(1.) THIS is an application in revision by the two defendants Mt. Brikmu and her daughter Mt. Shankru against the judgment and decree of the learned Dist. Judge, Mandi, dated 25 7 1951 dismissing their appeal and upholding the judgment and decree of the trial Court granting to the plaintiff respondent Jodha a declaration that a gift made by Mt. Brikmu in favour of Mt. Shankru would not fee valid against the reversionary rights of the plaintiff after the donor's death.

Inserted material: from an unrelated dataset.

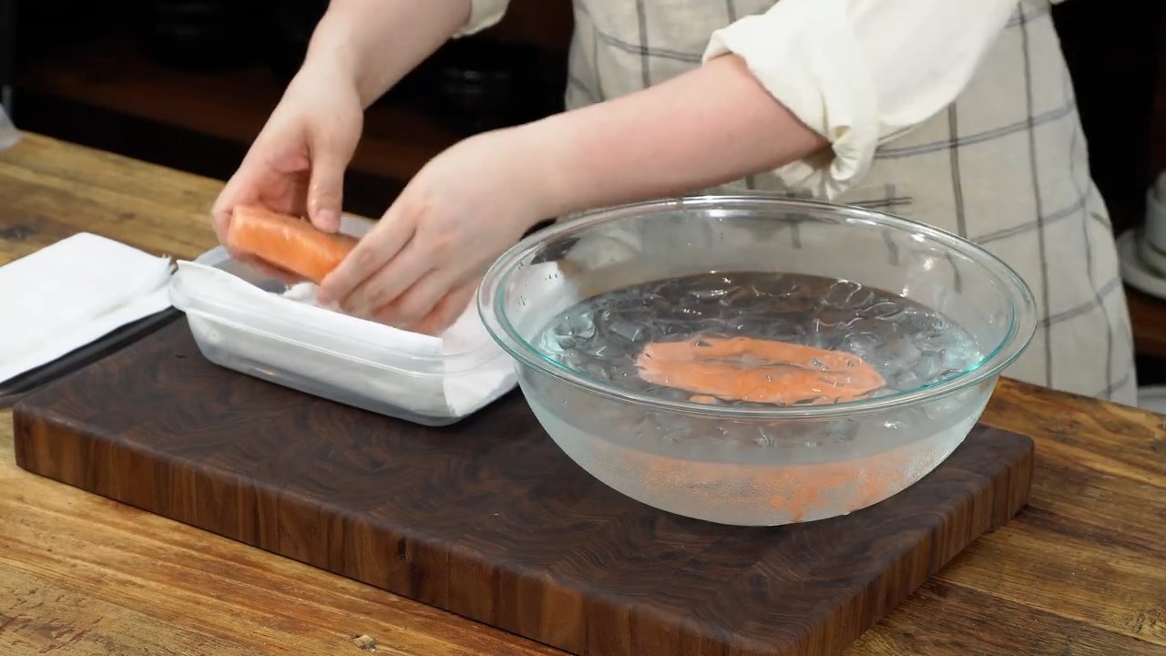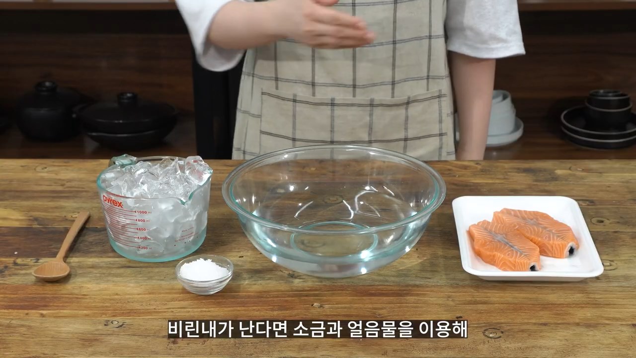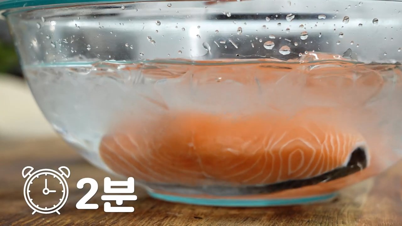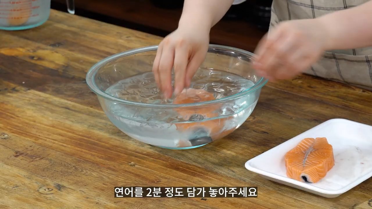소금을 푼 얼음물에 연어를 2분 정도 담가 놓아주세요. (물 1리터 기준, 소금 45g)
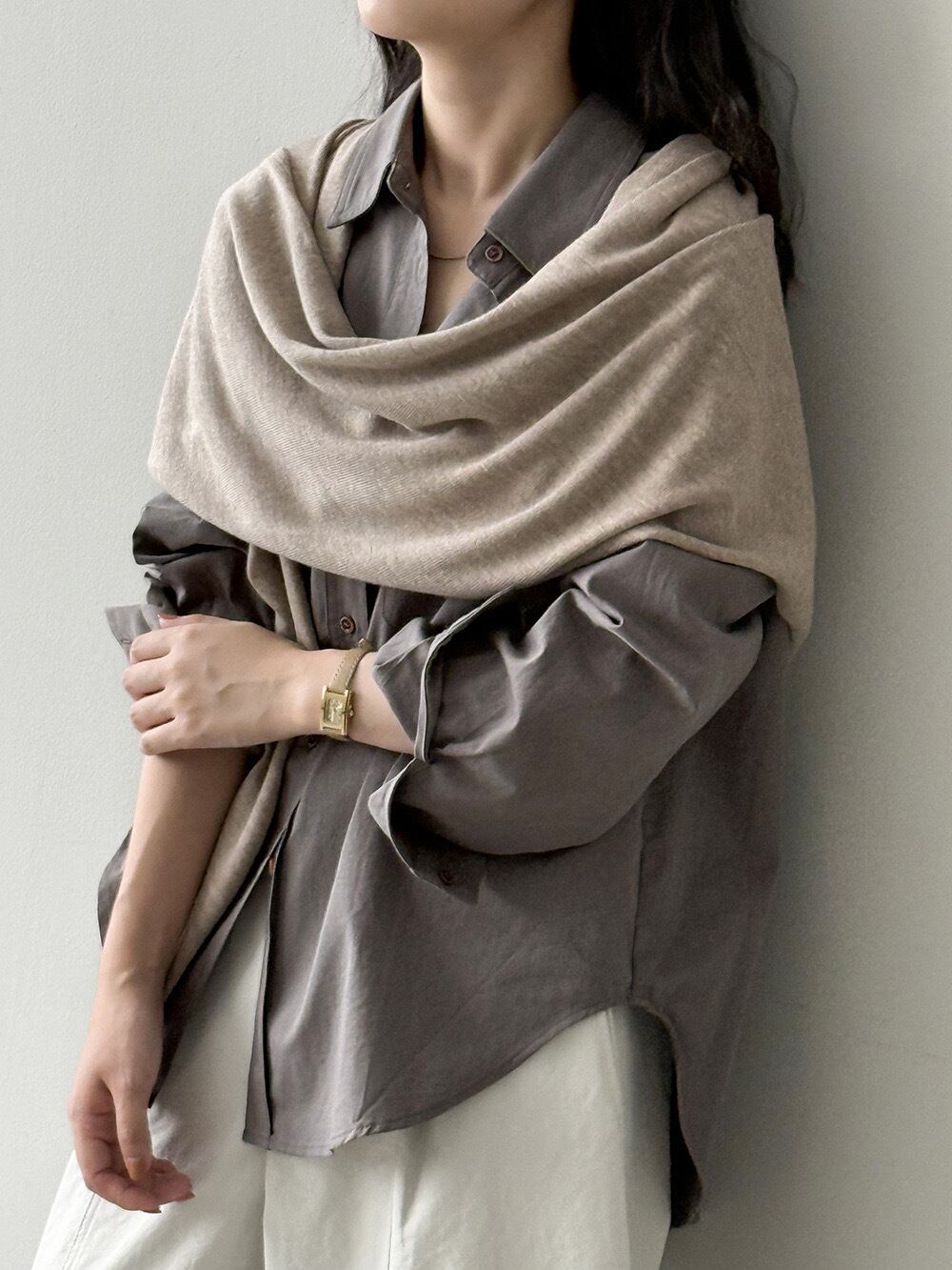 【製品特徴】 ・柔らかなニット素材:肌触りがよく、軽やかに肩にかけることであたたかさを保ちます。寒い季節でも快適に過ごせる頼もしいアイテムです。 ・シンプル&カジュアル:シンプルなスタイルながらも、おしゃれさを引き立てるボーダーデザイン。デニムやチュニックとの相性も抜群です。 ・多様なスタイリング:カーディガン風に羽織ったり、ショールとして使ったり、シーンに応じてアレンジを楽しめます。

(2.) THE trial Court held that the parties were governed by custom. It did not decide the question whether a daughter was a preferential heir to a collateral. It further decid ed that the property was not ancestral qua the plaintiff. It however granted the aforesaid declaratory relief to the plaintiff on the finding that Mt. Brikmu as a Hindu widow was not entitled to make the gift in question.

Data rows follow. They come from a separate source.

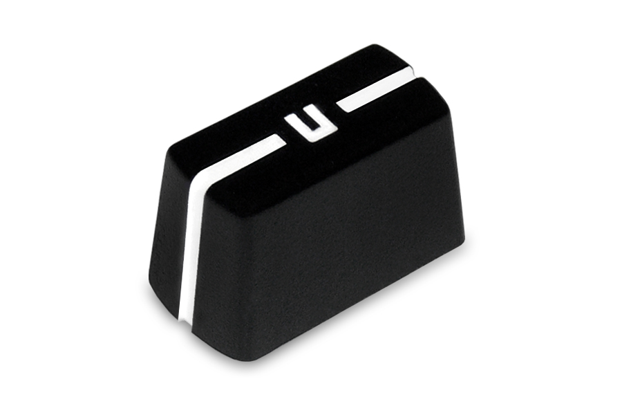 Original exclusive premium replacement knobs are designed for channel sliders faders or crossfaders of the Urei mixers 1601, 1601S, 1601E battle DJ mixers and Urei 1603 or Urei 1605 professional club mixers (Made by Soundcraft). The knob UKN SL-IFB is made of professional Styrol-Akrylnitril composite material; equipped high quality deep print white line with attribute abrasion resistant and print symbol "U" - typical feature of legendary products Urei faders. This type of knob are compatible with someone Vestax input channel faders or crossfaders. Very special vintage "Limited Edition".
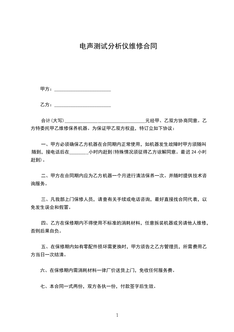 合计(大写)__________________________________元经甲、乙双方协商同意。乙方特委托甲乙维修保养机器。为保证甲乙双方权益,特订立如下协议:
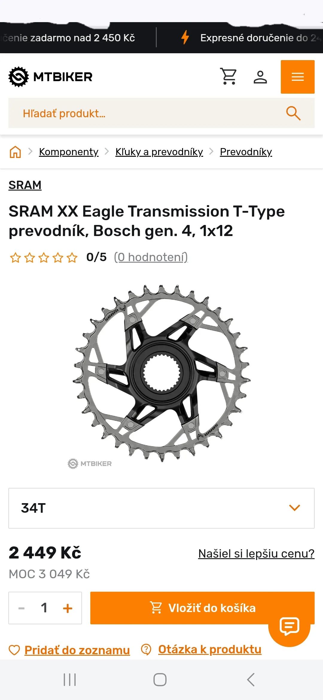 Ponúkam na predaj hore uvedený nový prevodník značky Sram XX Eagle Transmission T-Type. Najvyššia séria a novinka Sram XX. 34z. Vhodné pre elektrobicykle s motorom Bosch Gen4 a Gen5. Stav čisto nové nepoužité originál balenie viď foto v inzeráte. Celo CNC frézované čierny matný elox. Uchytenie prevodníka Bosch Direct Mount. Pôvodná cena dvojnásobná viď foto screenshotu.
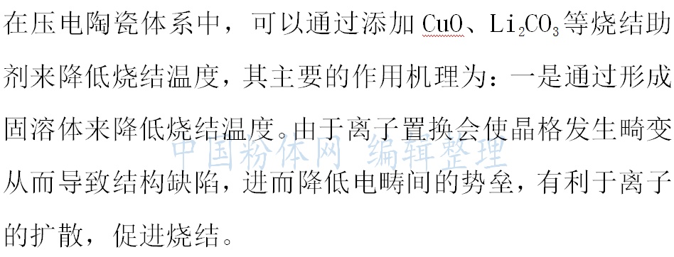 三是通過過渡液相燒結來達到降低燒結溫度的目的。低熔點添加物先形成液相促進燒結,之后被吸入到主晶相中起到摻雜改性的目的,這種“雙重效應”可以使燒結溫度降低250℃~300℃,并對性能的提高有一定的促進作用。
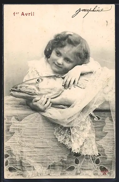 AK Kleines Mädchen mit riesigem Fisch, 1. April
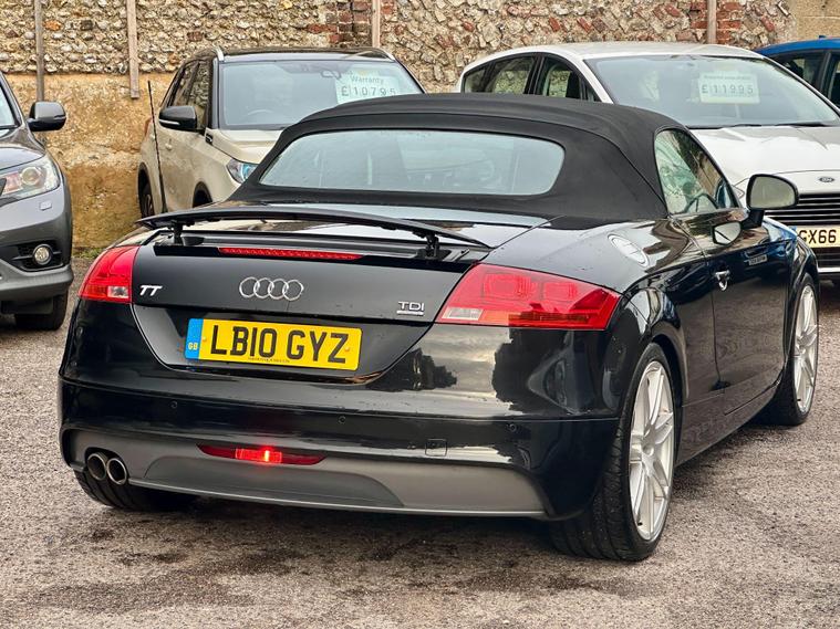 USED CAR: Pavillion Car Sales is pleased to offer an excellent example of a Audi TT 4WD Quattro in the S-Line Special Edition!This sleek black convertible is well equipped with lots of great features including Bluetooth, Heated Seats, Full Leather Seats, Electric Convertible Roof, Electric Spoiler, 19-Inch Alloys, Bose Speakers, Auto Lights, Auto Climate Control, and more. The 2.0 TDI Quattro engine delivers an impressive 50.4 MPG, boasting 168 horsepower. With as little as £215 annual road tax, this practical and economical choice invites you for a test drive. THE HISTORY:Well Maintained Having only 2 FORMER KEEPERS, this used car has been well maintained inside and out. A thorough mechanical inspection has been carried out and Part service history is provided. ( 12 Total Services) 1st at(15284) 2nd at(20831) 3rd at(25210) 4th at(29103) 5th at(38669) 6th at(57126) 7th at(65861) 8th at(69538) 9th at(77016) 10th at(85281) 11th at(91423) 12th at current miles new service with cambelt & Waterpump. WHAT'S INCLUDED: Benefits & Peace of MindExperience peace of mind with a Long MOT Till 09/11/2026, 12 months complimentary AA breakdown cover, and a 3-month warranty extendable to a nationwide 36 months with the AA. 5-day Drive away cover is available, and we can assist with road tax. 2 KEYS.ABOUT US: The Family Run & Award-Winning Used Car DealershipWelcome to Pavillion Car Sales – a multi-award-winning, family-run car dealership with over a decade of expertise we have used cars for sale in Brighton & Crawley. As an AA-authorized & Trading Standards-approved used car dealership, we're committed to offering high-quality second-hand vehicles for sale at competitive prices. Each car undergoes a meticulous selection process to meet our high standards, finding you a perfect balance between quality, reliability, and value. Beyond our extensive selection of used cars for sale, our services ensure a seamless and stress-free experience, including a thorough multi-point inspection, history checks, a pressure-free family-like environment.PAVILION CAR SALES - Brighton.

(3.) IT was contended by the learned counsel for the defendants petitioners that the Dist. Judge was in error in leaving the aforesaid two questions undecided, namely, the questions relating to custom and the ancestral nature of the property. This argument was really not open to the learned counsel for the petitioners in view of the remark of the learned Dist. Judge that the said two points were left undecided by common consent. Even if it be supposed that the present petitioners are not bound by the said consent, the view of the lower appellate Court that it was not necessary to record any finding on either of the two questions was correct. As regards custom, the learned counsel for the defendants petitioners urged that the finding of the trial Court on that point was erroneous, his contention being that the parties were governed by the Hindu Law. Let that position be accepted. The only effect of that position would be that; whether the last male holder of the property was Mt. Brikmu's husband or her son, the plaintiff would be a remoter reversioner as compared with the donee Mt. Shankru. That, as I shall presently show, has however no effect on the merits of the case. As regards the question whether the property was ancestral qua the plaintiff, that is a notion derived from the customary law of the Punjab. It is quite irrelevant in a case like the present under the Hindu Law. As already stated, it was the Hindu Law on which the defendants petitioners relied. Under the Hindu Law, quite irrespective of whether the property in suit was ancestral qua the plaintiff, he would be entitled, subject to other conditions being fulfilled, to challenge the alienation as a reversioner. It follows therefore that the defendants peti tioners could not validly have any grievance against the said two points having been left Undecided by the lower appellate Court.